Seekor burung dengan ekor yang panjang, berwarna cerah campuran kelompok warna merah dan biru dengan warna sejingga senja di dadanya hinggap di sebuah bunga yang mekar. Burung itu terlihat sangat ringan dan hanya berukuran tak lebih besar dari tiga jarinya.
"Hei, apakah ini jenis burung yang sudah langka?" Dunk bergumam sendiri, lupa bahwa tak ada siapapun yang sedang menemaninya.
Satu langkah ke depan dan burung cantik itu tak terlihat bergeming. Sebaliknya, dia seperti sedang menunggu Dunk untuk datang dan mengadu kecantikan. Pada langkah kedua, pergerakan Dunk dicekal oleh sebuah tangan yang dengan kuat meraih pergelangan tangannya. Tangan itu menariknya dengan kuat, membuatnya nyaris terjungkal ke belakang. Beruntungnya, punggungnya mendarat dengan sempurna di bagian depan tubuh seseorang.
"Berbahaya berkeliaran sendirian, sudah aku bilang bukan?" Suara Joong degan kuat memberikan tekanan ke pendengaran Dunk.
Selain terkejut, sekejab tadi dia seperti merasakan rasa takut yang aneh, seolah Joong baru saja meniupkan ketakutan itu ke tengkuknya.
Dunk terseret dari tempat itu, dibawa kembali oleh Joong menjauh. Dunk masih memperhatikan bagaimana warna-arna indah burung kecil itu memudar sampai menghilang. Joong membawanya kembali ke tempatnya bangun.

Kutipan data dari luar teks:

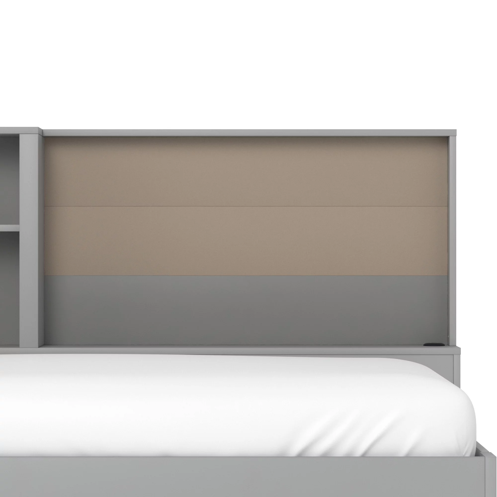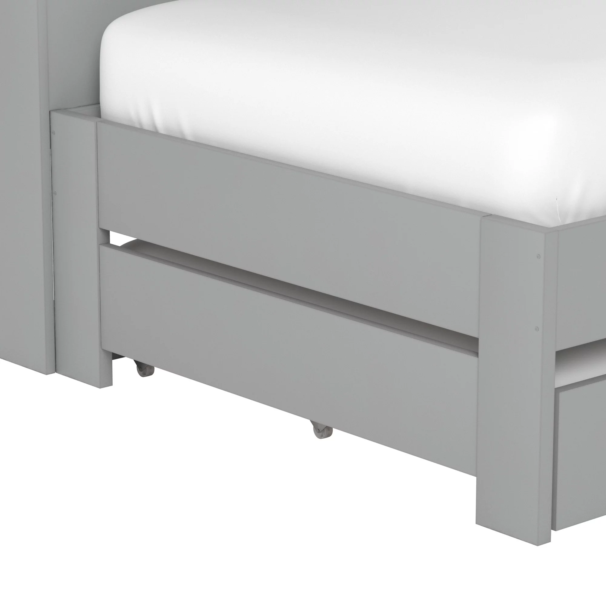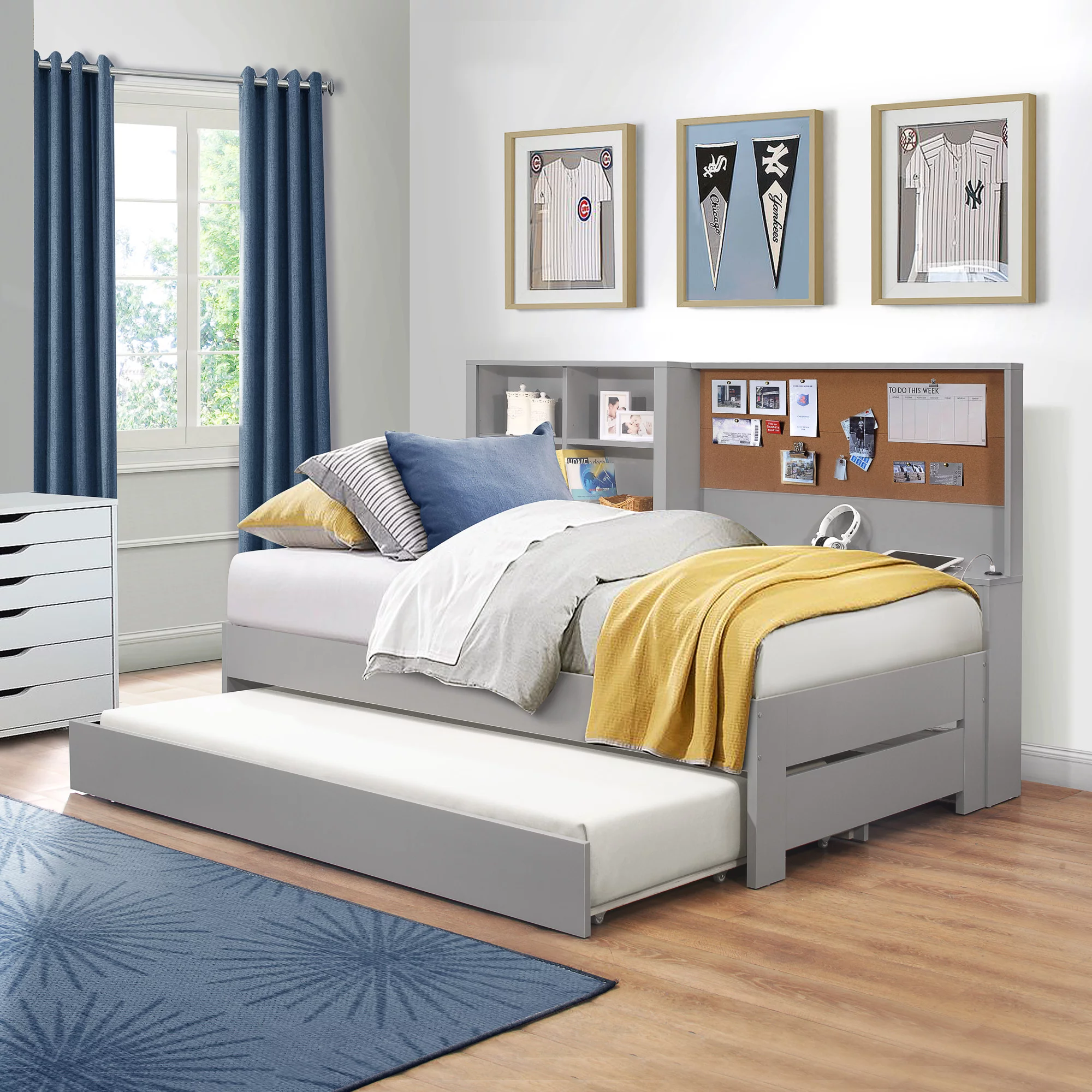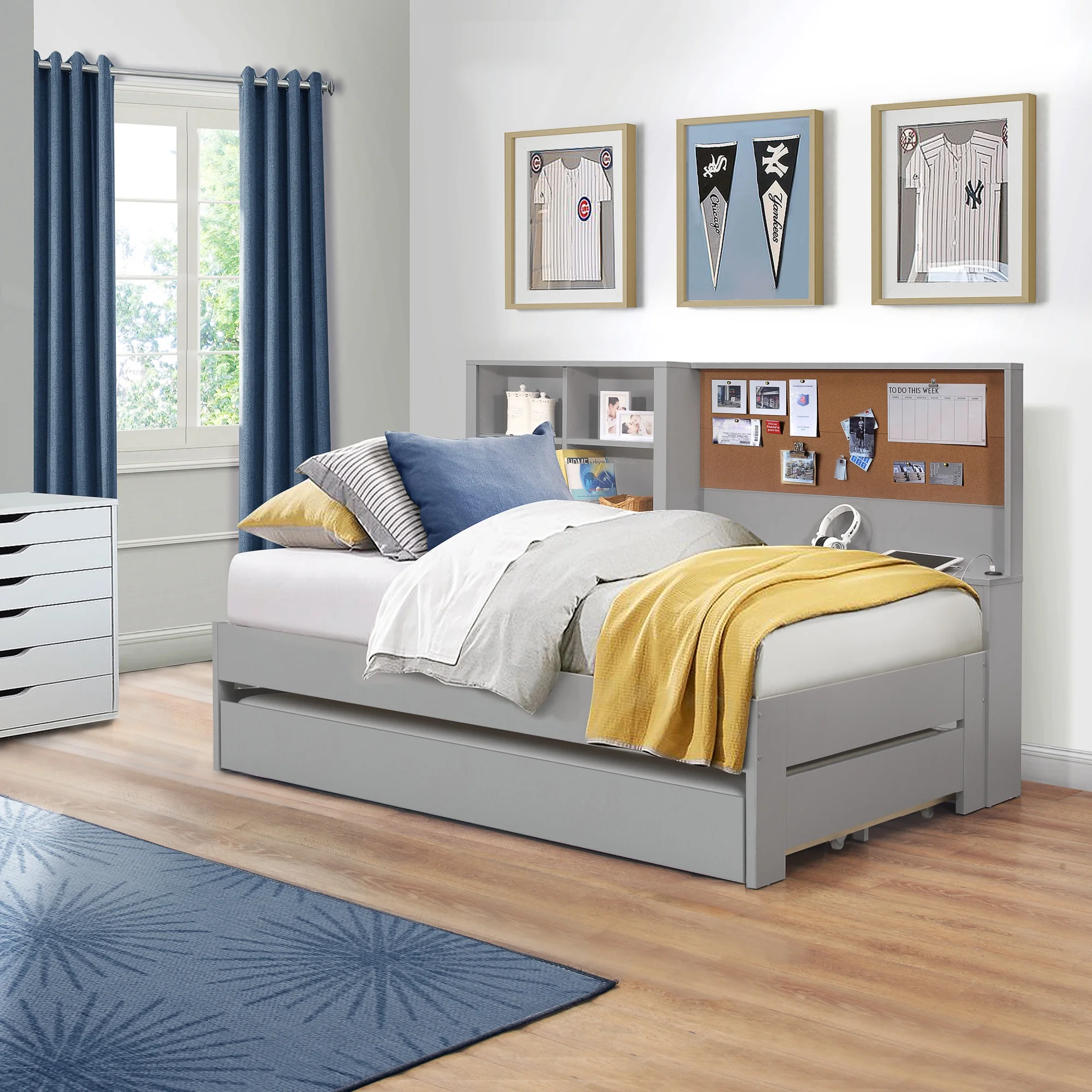 Breslin Bookcase Twin Bed with Trundle and 1 USB Port, Gray, by Hillsdale Living Essentials

"Pakai sepatumu, sepertinya sahabat tersayangmu sudah memanggil-manggil namamu!" Joong melepaskan tangan Dunk lalu berjongkok untuk memakaikan sepatunya.

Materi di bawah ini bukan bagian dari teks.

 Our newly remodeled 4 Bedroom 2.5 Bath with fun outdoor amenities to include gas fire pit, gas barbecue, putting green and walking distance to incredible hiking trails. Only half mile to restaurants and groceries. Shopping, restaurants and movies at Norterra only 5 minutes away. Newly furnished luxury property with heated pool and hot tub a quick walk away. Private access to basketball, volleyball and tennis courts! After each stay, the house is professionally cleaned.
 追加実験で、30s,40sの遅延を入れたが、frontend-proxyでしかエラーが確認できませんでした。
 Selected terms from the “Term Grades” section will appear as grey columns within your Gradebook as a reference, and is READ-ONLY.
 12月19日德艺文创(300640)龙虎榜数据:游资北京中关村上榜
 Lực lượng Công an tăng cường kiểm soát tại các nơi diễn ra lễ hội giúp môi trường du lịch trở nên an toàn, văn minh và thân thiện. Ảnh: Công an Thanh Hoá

"Kamu pergi ke mana tadi?" tanya Dunk.
Dia merasa sedikit tersipu dengan perlakuan Joong yang sangat dominan, tapi di sisi lain, dia teringat bahwa dia pergi untuk mencari cowok itu.
Joong mendongak dan menatap Dunk dengan lembut, "Memastikan kamu aman!"
Dunk ingin bertanya lebih jauh, tapi batal karena sayup-sayup dia mendengar suara Pond berteriak memanggil namanya.
"Dunk!!"
"Ooiii Joooongggg!!!"
"Duuuunkkkkk, kamu di mana? Kamu ada tugas kelompok minggu depan oiiiii!!" Suara Pond terdengar semakin jelas.
"Pond sialan, jangan sampai aku menarik tiga helai rambutnya!" Dunk mengeram mendengar apa yang Pond teriakkan.